Joël Jung received the Ph.D. degree in Electrical Engineering from the
University of Nice-Sophia Antipolis, Nice, France, in 2000. He is currently
with Orange Labs Paris and B<>Com Institute of Research and Technology,
and his current research interests include next generation image and video
coding, 3D super multi-view and depth coding. He is an active contributor
to the HEVC standard (JCT-VC) and the 3D-HEVC annex (JCT-3V).
Péter Tamás Kovács has been working at Holografika since 2006,
contributing to the development of the real 3D light-field display product
line HoloVizio and related technologies (glasses-free 3D cinema, real-time
light field capture and rendering system, full-angle 180 degree light-field
display).
Patrik Goorts is a postdoctoral researcher at Hasselt University, Belgium,
specialized in free viewpoint interpolation and depth estimation.
Lode Jorissen is a Ph.D candidate in the Expertise Centre for Digital Media
(EDM) at Hasselt University, Belgium. He previously worked on 360 degree
video and currently focuses his work on view interpolation using light fields.
Adrian Munteanu is professor at Vrije Universiteit Brussel, Belgium. His
research interests include image, video and 3D graphics compression, error-
resilient coding and multimedia transmission over networks. He is the author
of more than 250 journal and conference publications, book chapters and
contributions to standards, and received several awards for his work. Adrian
Munteanu currently serves as Associate Editor for IEEE Transactions on
Multimedia.
Beerend Ceulemans is a Ph.D candidate in the Department of Electronics
and Informatics (ETRO) at the Vrije Universiteit Brussel (VUB). His
research interest are centered on virtual viewpoint synthesis for
autostereoscopic 3D screens and free viewpoint video.

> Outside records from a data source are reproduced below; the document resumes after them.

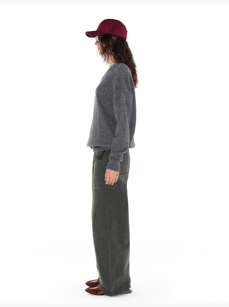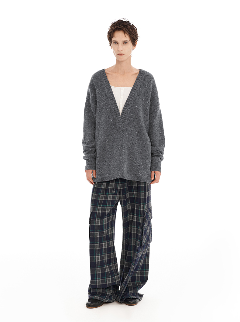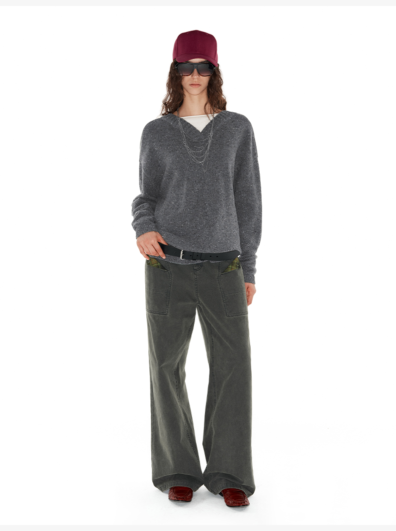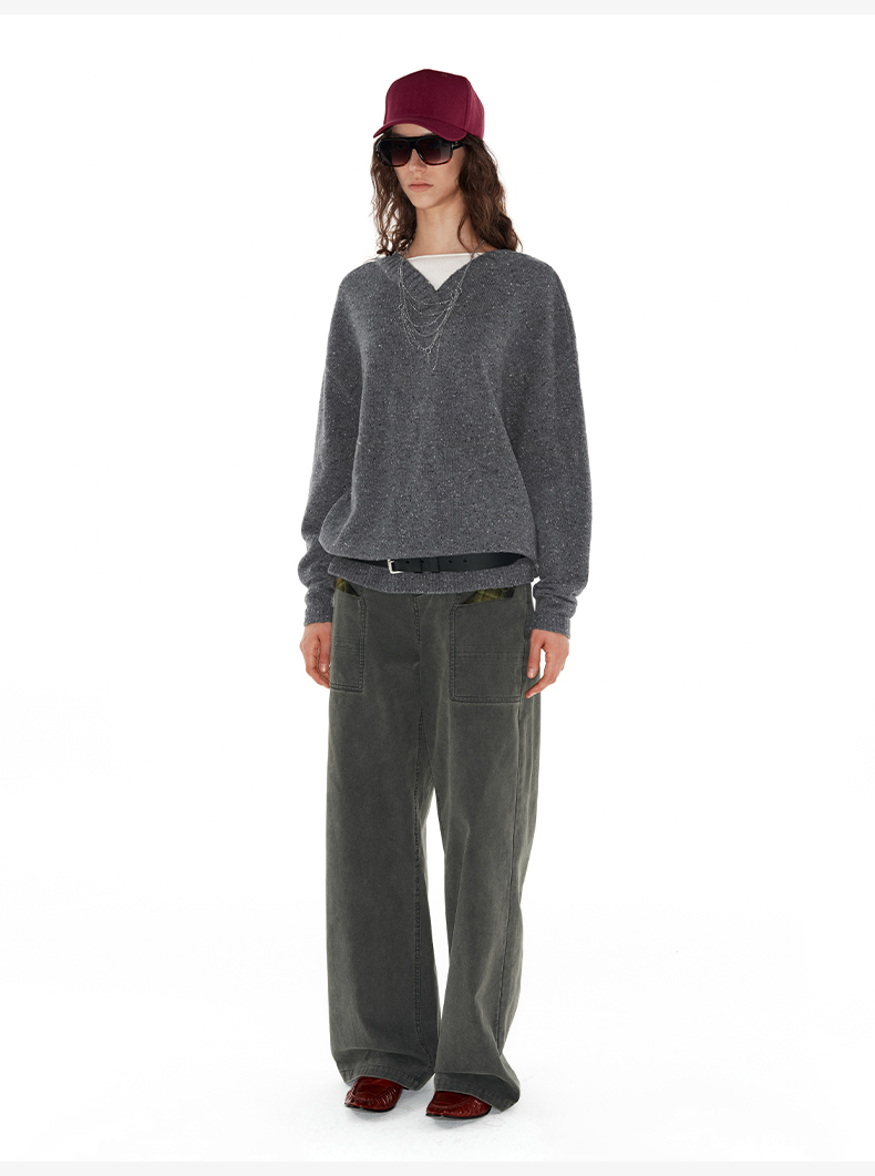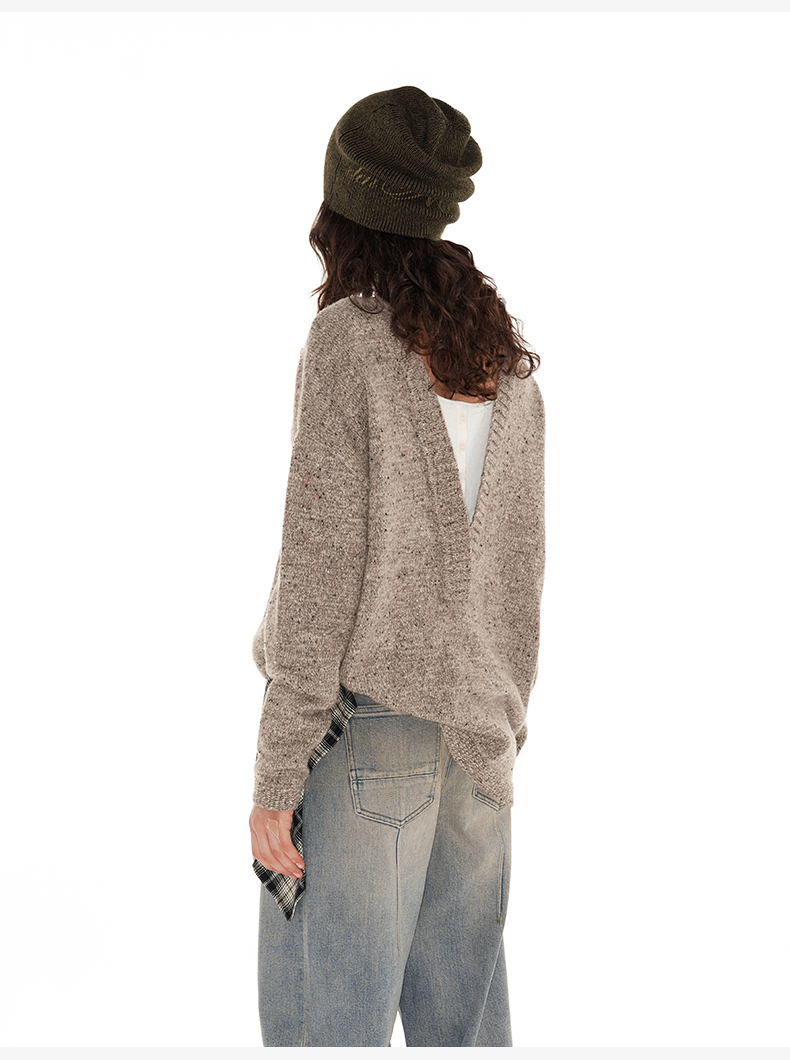 NUTH 深V领两穿宽松毛衣拼接假两件设计套头慵懒针织毛衣女
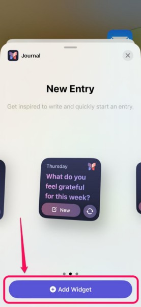 Kun se on lisätty iPhonen aloitusnäyttöön, se näyttää automaattiset kehotukset rohkaisemaan sinua tekemään uusia päiväkirjamerkintöjä. Nämä kehotteet muuttuvat päivittäin, ja voit käyttää uuden merkintäpainiketta widgetissä avataksesi sisäänkäynninsivun Journal App -sovellukseen. Jos et pidä kehotuksesta, voit jopa käyttää seuraavaa kehotusta painiketta uuden luodaksesi uuden.
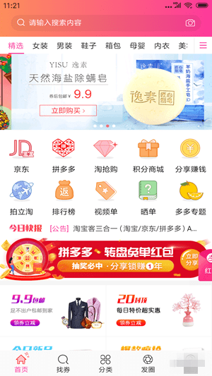 1.品類豐富:服飾、電器、居家、美妝、母嬰、水果全覆蓋,專注于找到最合適你的商品。2.任性包郵:9塊9也包郵,實惠多多。

Pablo Carballeira received the Ph.D. degree in Telecommunication
Engineering from the Universidad Politécnica de Madrid (UPM) in 2014.
He is with the Grupo de Tratamiento de Imágenes at UPM since 2007 and
his current research interests include coding and subjective evaluation of
Super Multiview and Free Navigation Video.
Sergio García is a Ph.D candidate in the Grupo de Tratamiento de Imágenes
(GTI) at the Universidad Politécnica de Madrid (UPM), where he has been
working since 2013. His research interests include adaptive streaming
techniques and algorithms, as well as 3D graphics compression and
rendering, especially in the field of point-cloud-based models.
Masayuki Tanimoto received the B.E., M.E., and Dr.E. degrees from the
University of Tokyo. He was Professor at Nagoya University and developed
FTV (Free-viewpoint Television). Currently, he is Emeritus Professor at
Nagoya University and Senior Research Fellow at Nagoya Industrial
Science Research Institute. He is Honorary Member of the ITE, Fellow of
the IEICE and IEEE Life Fellow. He is chair of the MPEG-FTV group.